A classic example and highly recommended prompt for this exercise is the phrase “I come from…”: If you are sum of all your experiences, you can “come from” a vast variety of places, people and things. Therefore, sentences can be completed with stories and images that are either immediate or deeply rooted:

  • I come from a heavy hotel breakfast of French toast and sausage.

  • I come from Minnesota.

  • I come from the march on Washington.

  • I come from frozen lakes defrosting in April showers.

  • I come from my grandmother, a little girl who hid under the floorboards.

Set a fixed time (three to five minutes is plenty). Offer examples like those above. Tell participants keep writing the prompt phrase followed by whatever comes to mind, keeping pen to paper for the entire time. If they draw a momentary blank they can write “I don’t know what to write” until the next idea comes to them.

When the allotted time is up, ask participants to put down their pens. When everyone is finished have each participant read one or two examples, reminding participants that they are in charge of what they choose to share. In larger groups, have participants in pairs read a few examples to one another; then ask the group for any strong images that may have stood out in the exchanges.

Choose images or ideas from the completed writing, and draw movement ideas from the group. This can be done a variety of ways: Spontaneous Gesture, Movement Metaphors, Equivalents. Then apply Build-a-Phrase to structure a short dance.


APPLICATIONS

Perpetual Prompt can be an early step in a choreographic project engaging community members. With the “I come from” prompt it can be used at the start of a meeting to quickly acquaint members of a group to one another. Story material for a variety of outcomes can be developed from the phrases that the exercise elicits.

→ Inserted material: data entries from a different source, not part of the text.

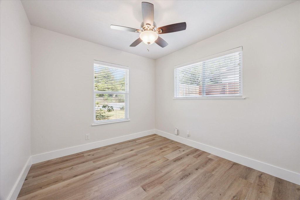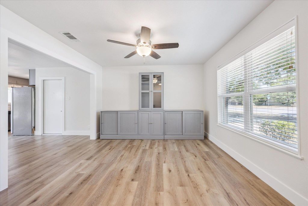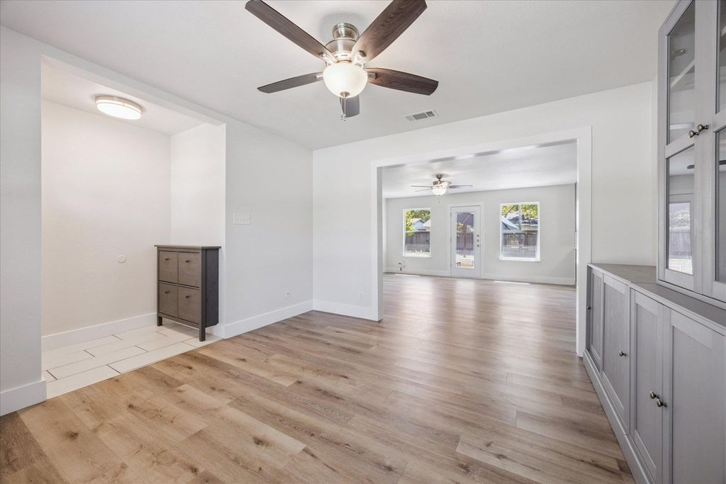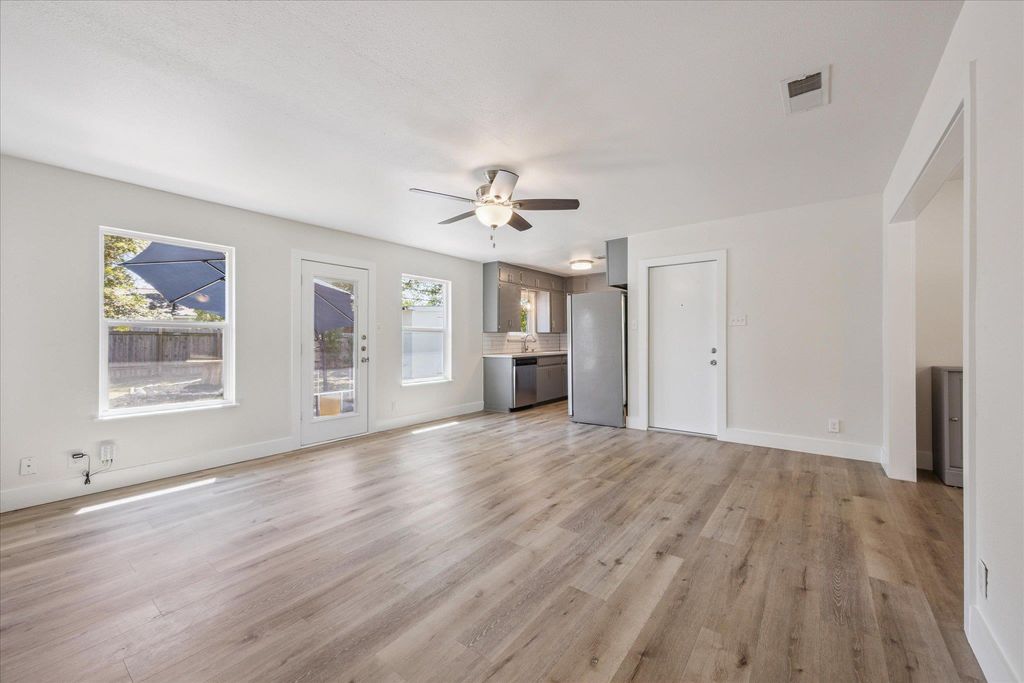 Welcome to 1913 Ohlen Road, a beautifully remodeled mid-century home offering 3 bedrooms, 2 bathrooms, and a spacious one-story layout. The open floor plan features double-pane windows that fill the space with natural light, no carpet, and stylish finishes throughout. The kitchen is updated with quartz countertops, modern cabinetry, and flows seamlessly into the living and dining areas. The private primary suite includes an ensuite bathroom with walk-in shower and a thoughtfully designed built-in closet system. Outside, enjoy a fenced backyard perfect for entertaining and relaxing. With its modern updates, timeless character, and functional design, this home is move-in ready and located in the heart of North Austin.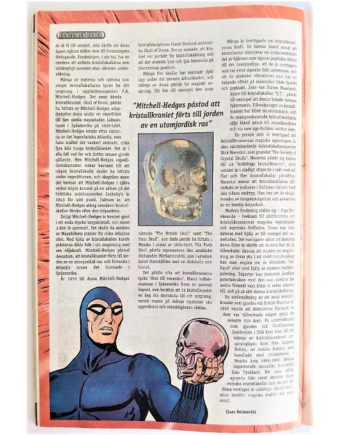We see a 2 page article in Fantomen comic book number 25, giving us information about Crystal Skulls.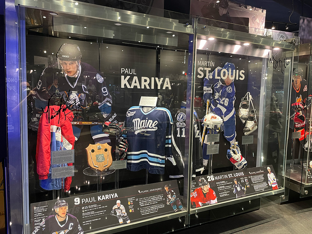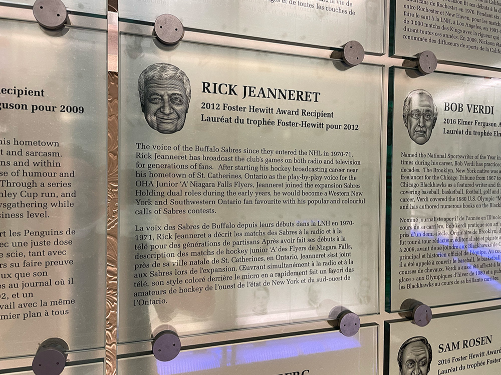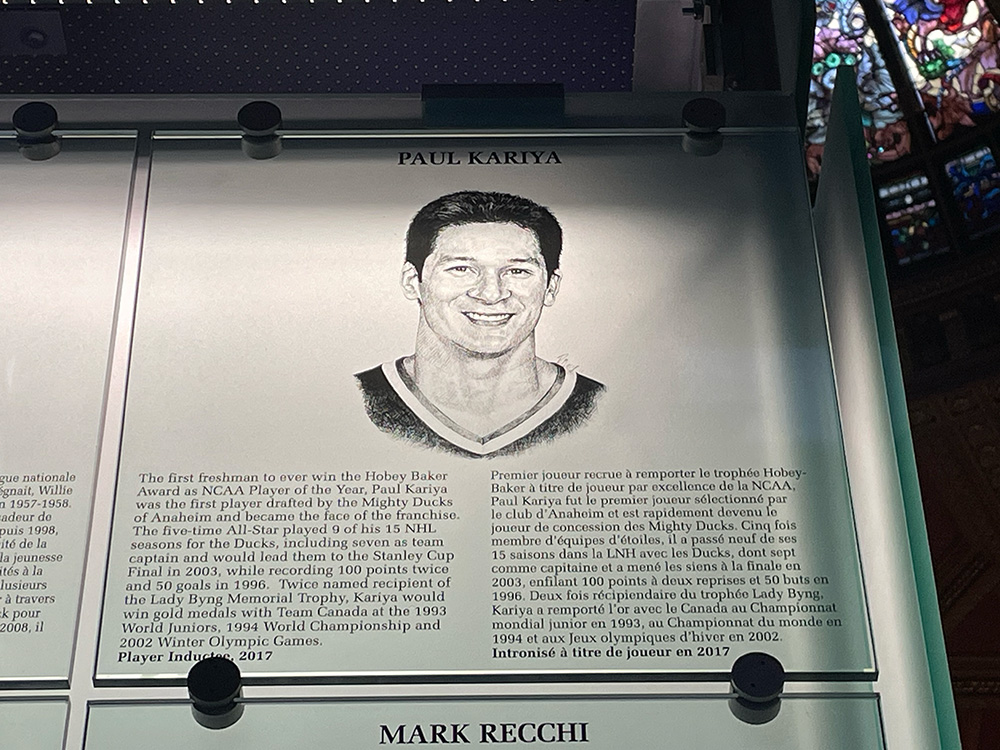 And to round out the day (courtesy of the good folks at Destination Toronto), I even got to visit the Hockey Hall of Fame for the first time in about twenty-five years. I hunted down as many Sabres names as I could via plaques (Ted Darling, Gilbert Perrault, Dominik Hasek) and trophies (Michael Peca on the Selke, Buffalo still surprisingly on the President’s Trophy), enjoying the museum for all its paraphernalia (curios, Original Six seats), displays (marginalized communities, teams, international jerseys), and interactive events. Had to find my guy Paul Kariya too.

Perpetual Prompt is a fundamental tool that can combined with others and taken in limitless directions. Here’s a sampling:

  • Using Build-A-Phrase, develop an eight-count dance inspired by images drawn from responses composed by various participants. Then perform the phrase while a single participant speaks her full series of sentences. Watch for unexpected meanings that emerge from the new juxtapositions between words and movements.

  • As a group, start an eight- to twelve-count dance using a composite of three or four images presented in the group’s responses. Then have each participant continue the process solo, completing the phrase using images from their own series. The dances can be shown as solos or presented to the group as duets or trios.

  • Sitting in a circle, a group develops a dance from a composite of the images, as above. Then each participant moves to the floor to expand the vocabulary in space.

FOOTNOTES

The “I come from ...” version of Perpetual Prompt was developed by poet Jo Barnes and dance artist Celeste Miller, based on a poem by Barnes.